New England: Mount Desert, Me.

Great Head

By John Weiss (1818–1879)

(From Mount Desert)

THE GROUND-PINE flung its carpet on the steep,

As in and out, along the dinted shore

We crept, the surf-beat secrets to explore,

And map the isle for afterthought to keep.

And when we paused, to brood with talk and pipe

Upon the color of the cliffs and sky,

To watch light glooms of breezes scurry by,

And let each new surprise grow fancy-ripe,

Between the rocks we found our carpet spread;

From the far softness, where the sky and sea

In act of perfect marriage seemed to be,

The afternoon along the deep was led.

Against the seaward reefs, from time to time,

Some wave, more bold and eager than its mates,

Runs up, all white with hurrying, and waits,

And clings, as to a rugged verse the rhyme;

And falling back as slowly as a strain

That sings a mood we fear will slip away,

Our eyes, released, toward each other stray,

And climb, and cling, and act the wave again.

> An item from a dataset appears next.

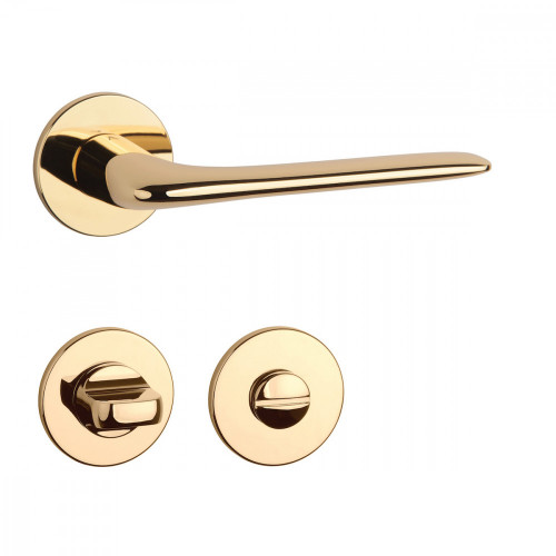 Rozetová kľučka na interiérové dvere s okrúhlou rozetou je vyrobená z materiálov vysokej kvality - zamak a je povrchovo upravená. Rozeta má priemer 52 mm a hrúbku len 5 mm. Minimalistický dizajn rozety s vysokou stabilitou kľučky na dverách pôsobí jemne, a tým ponecháva priestor pre vyniknutie dizajnu samotnej kľučky.

In lulls of speech the coast begins to croon:

Our thought and glance the far horizon sip;

And leagues of freshness break upon each lip

In tangled drift of mirth and talk and tune.

Tired lids of distance fall; between, a stripe

Of mornings clear, a memory, remains.

This eve we sit apart; the autumn gains;

The cricket’s reverie must share my pipe.